Only 37 percent say his message has been completely or mostly right.
LaTosha Brown, a civil rights activist and cofounder of the Black Voters Matter Fund, said: “He is fundamentally, if you look at his actions, a fascist. He has been tone deaf and disrespectful. He’s shown how far he’s willing to go to dismantle democracy. He is the quintessential example of why people are protesting. He’s the embodiment of white supremacy, of structural racism, of someone who finds no value in human rights.”
The president has seldom seemed so isolated, both from the public and his own party. When he tweeted a baseless conspiracy theory that a 75-year-old protester shoved to the ground by police in Buffalo, New York, was in fact in league with the fringe anti-fascist movement known as Antifa, Republicans declined to lend their support, ducking and weaving as a reporter confronted them with a printout of the tweet.
Then a Republican-led Senate panel on Thursday last week approved a plan by US Senator Elizabeth Warren, a Democrat, to have the names of Confederate figures removed from military bases and other Pentagon assets.
Trump, apparently siding with the slave-owning losing side in the US Civil War, preemptively declared his opposition and threatened to veto legislation changing them.
Protesters have also targeted Confederate monuments in numerous cities, prompting some state officials to consider taking them down.
US House of Representatives Speaker Nancy Pelosi, a Democrat who is pushing for Confederate statues to be removed from the US Capitol building, said of the president: “He seems to be the only person left who doesn’t get it.”
Last week NASCAR announced it would ban displays of the Confederate flag at its races, and Bubba Wallace, an African American driver, wore a T-shirt that said “I Can’t Breathe” and drove a race car with “Black Lives Matter” written on the side on a track in Martinsville, Virginia.

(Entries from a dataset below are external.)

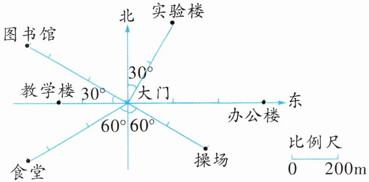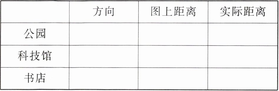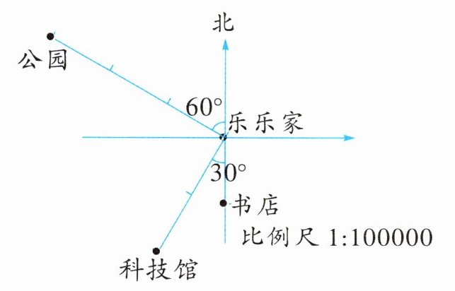 2. 以乐乐家为参照点,根据图上距离和所标注的角度填空。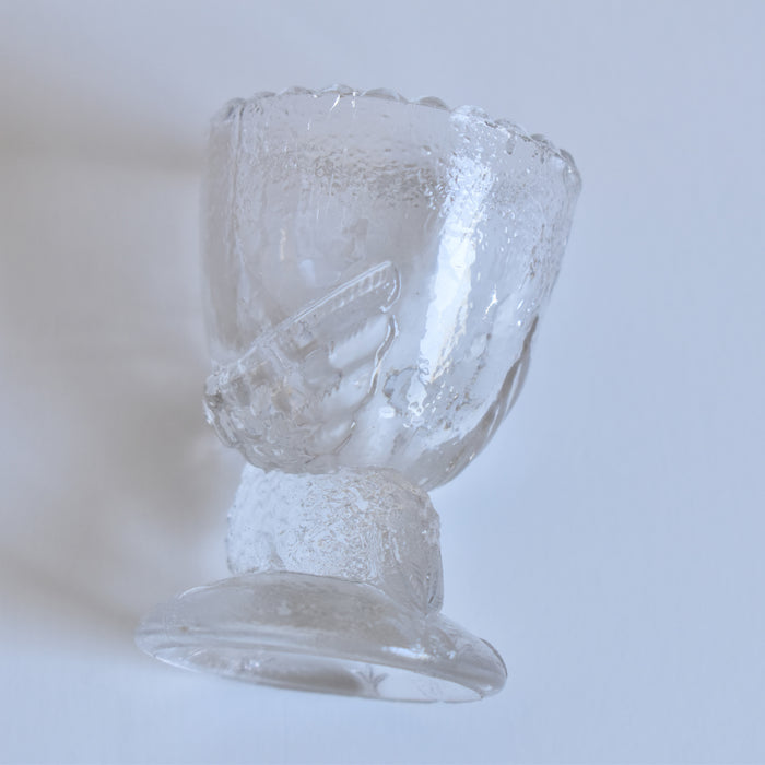 脚の部分が鳥のデザインになっており、卵をのせて飛び立とうとしているようです。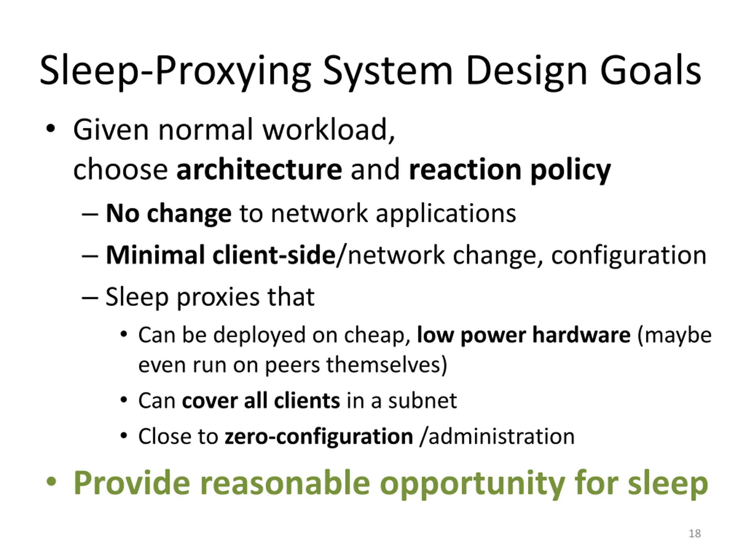 Outline Problem Sleep Proxy Architecture Deployment & Instrumentation Findings Related Work and Next Steps 17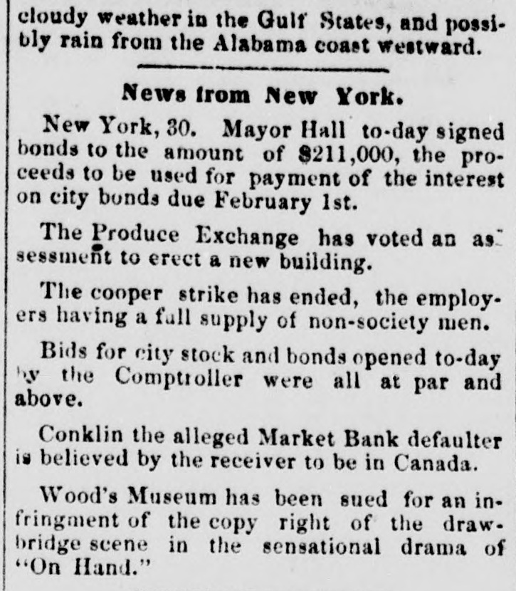 cloudy weather in the Gulf States, and possibly rain from the Alabama coast westward. News from New York. New York, 30. Mayor Hall to-day signed bonds to the amount of $211,000, the proceeds to be used for payment of the interest on city bonds due February 1st. The Produce Exchange has voted an as." sessment to erect a new building. The cooper strike has ended, the employers having a full supply of non-society men. Bids for city stock and bonds opened to-day by the Comptroller were all at par and above. Conklin the alleged Market Bank defaulter is believed by the receiver to be in Canada. Wood's Museum has been sued for an infringment of the copy right of the draw. bridge scene in the sensational drama of "On Hand."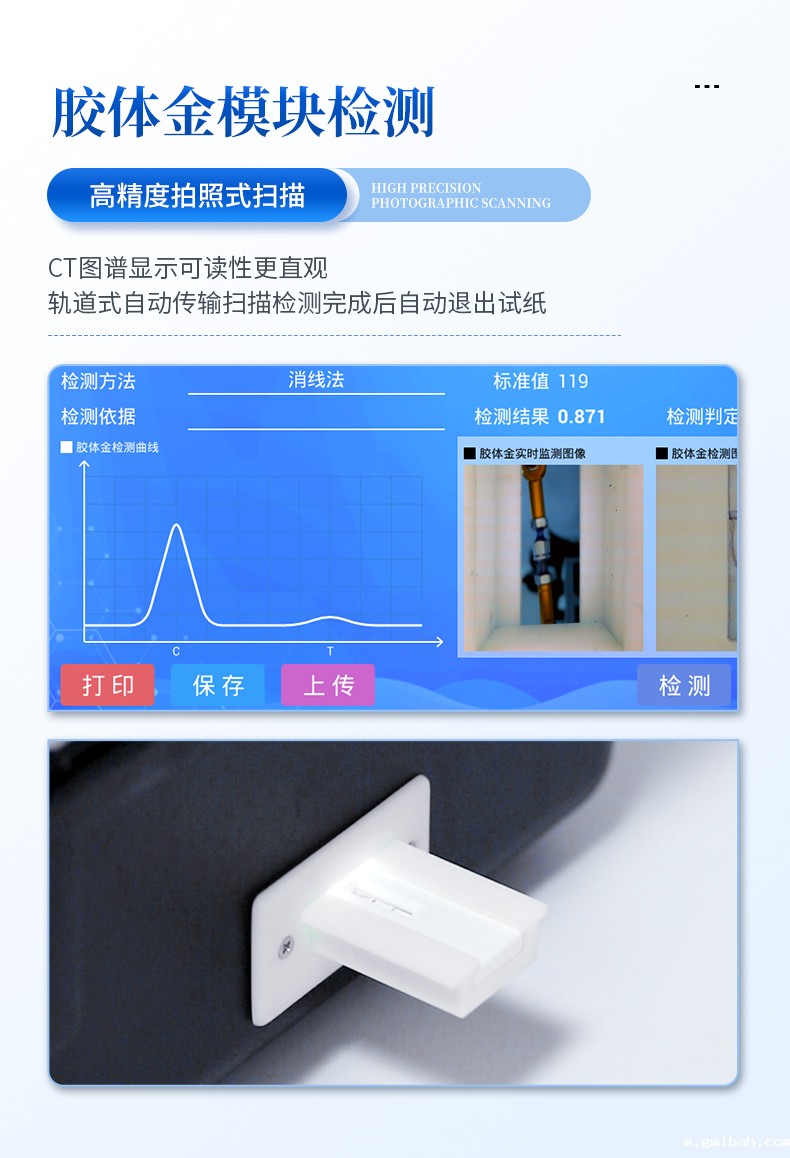 7、胶体金模块检测方式:轨道式自动传输扫描,检测完成后自动退出检测卡。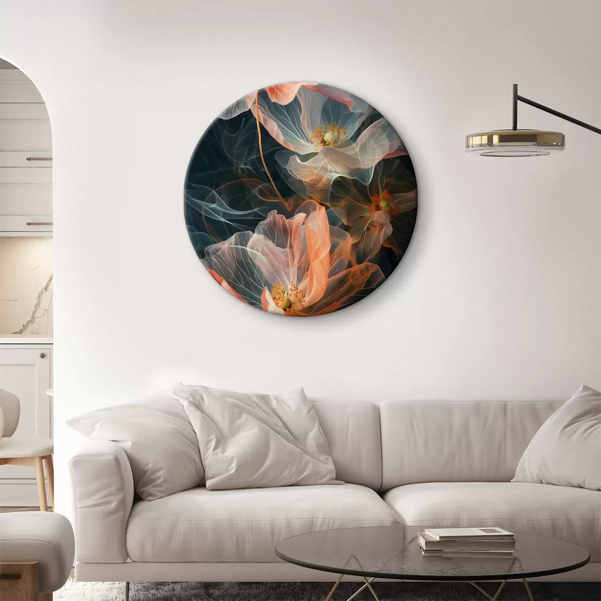 Tableaux rondes Fleurs lumineuses et translucides enveloppées de fumée sur un fond sombre Nr r40968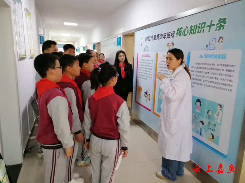 嘉鱼县儿童青少年近视防控中心相关负责人带领队员们参观了眼健康科普教育馆。同学们在专业细致的讲解中,了解了眼睛的结构;在生动有趣的图片中,学习了正确的读写姿势等爱眼护眼好习惯。
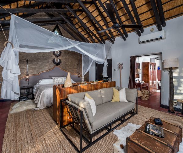 Just seven Tsonga house-style suites, shaded by jackalberry trees, make up this intimate lodge. Pretty purple kalanchoe line the pathway to each detached suite. Six of the seven lodges are named after stations on the gold-hauling Selati railway line built in the late 19th century. A gloriously indulgent Ivory Presidential Suite, fit for royalty, is the seventh.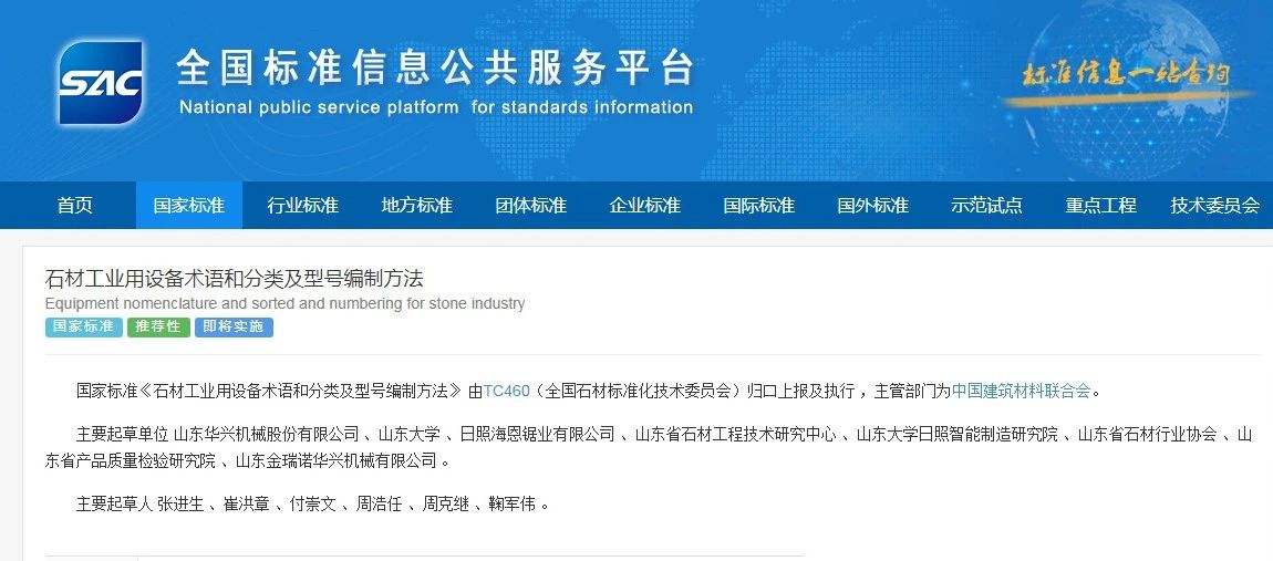 近日国家市场监管总局(国家标准化管理委员会)发布2021年第3号中国国家标准公告,批准澳门十大信誉好的网站张进生教授主持制订的GB/T39811-2021《石材工业用设备术语和分类及型号编制方法》国家标准正式发布。

This was particularly resonant because NASCAR organizers and drivers have long appeared with Trump and his rallies have a NASCAR-like feel with their rambunctious atmosphere and blue collar, overwhelmingly white demographic.
On Thursday last week, two days after Floyd’s funeral, Trump announced his first campaign rally after a three-month hiatus due to the far-from-over COVID-19 pandemic.
It was declared that it would take place on June 19 — a day dedicated to honoring Black emancipation, Juneteenth — in Tulsa, Oklahoma, which was the scene of a racist massacre in 1921.
“Think about it as a celebration, my rally is a celebration.” he told Fox News on Friday last week, despite uproar at the timing and location.
However, he finally bowed to the criticism later that night, tweeting that the rally would be postponed to Saturday.
“Many of my African American friends and supporters have reached out to suggest that we consider changing the date out ... of respect for this holiday,” he wrote.
Meanwhile, Tuesday marked the fifth anniversary of Trump declaring his candidacy for president with the charge that Mexico was sending drugs, crime and rapists into the US that only a border wall could stop.
His race-baiting campaign flew in the face of conventional wisdom in an increasingly diverse US and condemned him to defeat in the popular vote — but threaded a needle in the Electoral College.
Tara Setmayer, a political commentator and former Republican communications director on Capitol Hill, said: “Anyone who knows the history of this country has to acknowledge that systemic racism is the original American sin.”
“There is a considerable amount of Donald Trump’s base that harbors these types of antiquated, bigoted attitudes toward minorities in this country. He began his entire campaign with the baseless racist birtherism charge against [former US president Barack] Obama and going after Mexicans as rapists and criminals and he is ginning up that sentiment. There’s a reason why the racists and white supremacists of this country support Donald Trump. Why is that?” she said.